I'm not a pro though lol.


----------



## MaggieRoseLee (Aug 17, 2001)

I've never used puppy food at all. I find a good premium kibble and it's worked for us. 

So not a 'regular' food, like the grocery store Purina Dog Chow, some of the higher end brands have a bit better mix.


----------



## Emoore (Oct 9, 2002)

Either feed a high-end Large Breed Puppy food, or a high-end All Life Stages food. Not regular puppy food.


----------



## GrammaD (Jan 1, 2012)

I find it a little odd that with that brand the LBP has a higher % of calcium than the regular puppy.


----------



## Lucy Dog (Aug 10, 2008)

GrammaD said:


> I find it a little odd that with that brand the LBP has a higher % of calcium than the regular puppy.


Orijen does that too... just with the LBP vs adult formula. It doesn't make any sense. :shrug:

OP... skip the puppy food.. both LBP and regular puppy and just feed a quality adult formula. Most adult formulas are ALS (all life stages) anyways.


----------



## GrammaD (Jan 1, 2012)

Lucy Dog said:


> OP... skip the puppy food.. both LBP and regular puppy and just feed a quality adult formula. Most adult formulas are ALS (all life stages) anyways.


^^ This. You will also save money as the cost per bag is generally less_ plus _the Kcals per cup is generally higher so you will feed less.


----------



## Lucy Dog (Aug 10, 2008)

But if you buy a puppy formula... you get a bag with a cute puppy on the front. The breed might even match yours. Doesn't that make it all worth it??

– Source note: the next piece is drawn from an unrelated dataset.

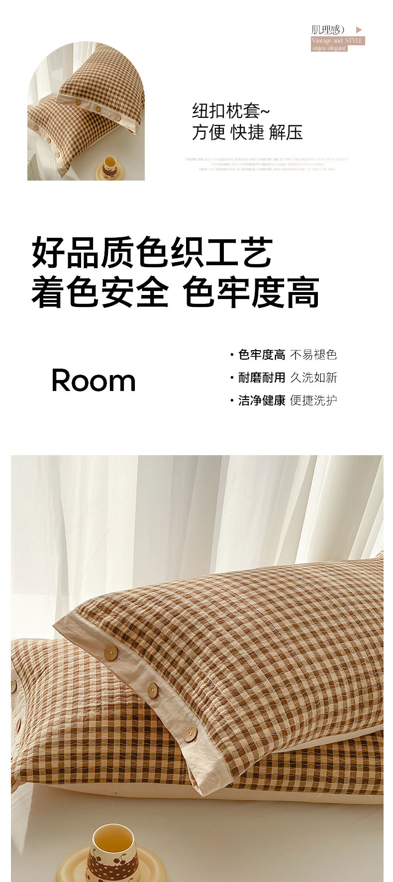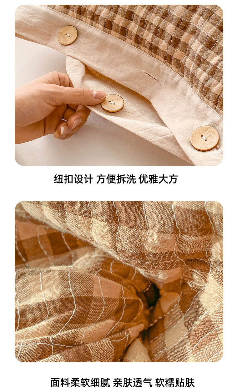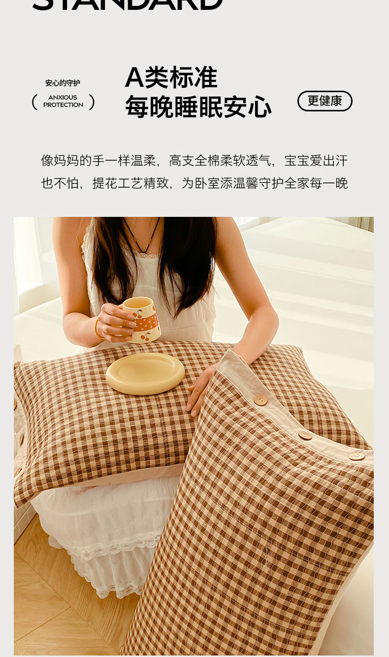 商品名称:美宜家 2026新款全棉水洗高密色织夹棉纺缝枕套高端全棉枕芯保护套 3.邂逅咖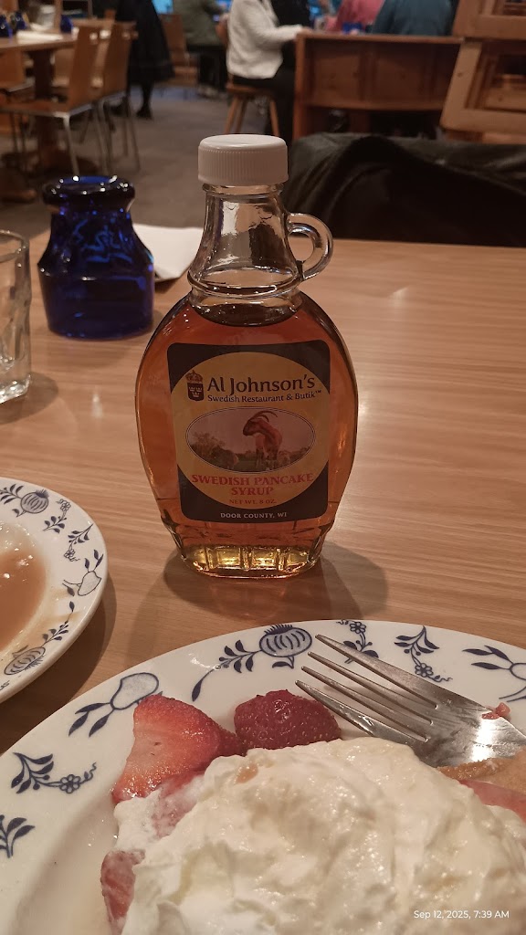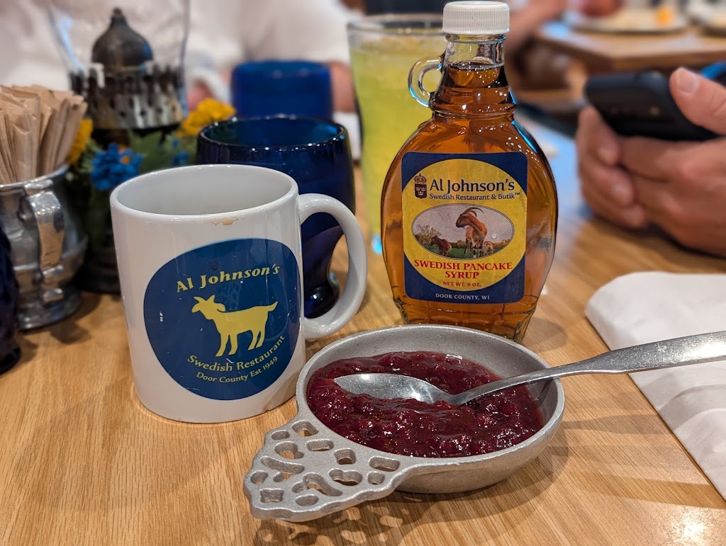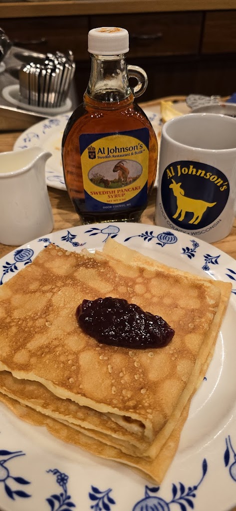When in Door County, Al Johnson's is a must for Swedish pancakes with lingonberries and meetballs. Food is delicious and service is impeccable. Expect a long wait during peak times. We waited 2 hours, but we got coffee at the shop down the street and browsed the two shops on either side of the restaurant. The goats on the roof thrill me even now as an adult.

Seriously... most puppy formulas are just gimmicks. You're paying extra for the cute puppy on the bag and that's pretty much it.


----------



## 1337f0x (Feb 21, 2012)

Lucy Dog said:


> But if you buy a puppy formula... you get a bag with a cute puppy on the front. The breed might even match yours. Doesn't that make it all worth it??


i just lol'd


----------



## JayneA (Jun 11, 2002)

Sounds like I need to let pup settle in on his current food. Then once the major changes are done get him over to the adult food my other Sheps and cocker are on?

Will definitely make life easier only having the one lot of food in the house!!


----------



## doggiedad (Dec 2, 2007)

i've never fed puppy food (can or kibble).


----------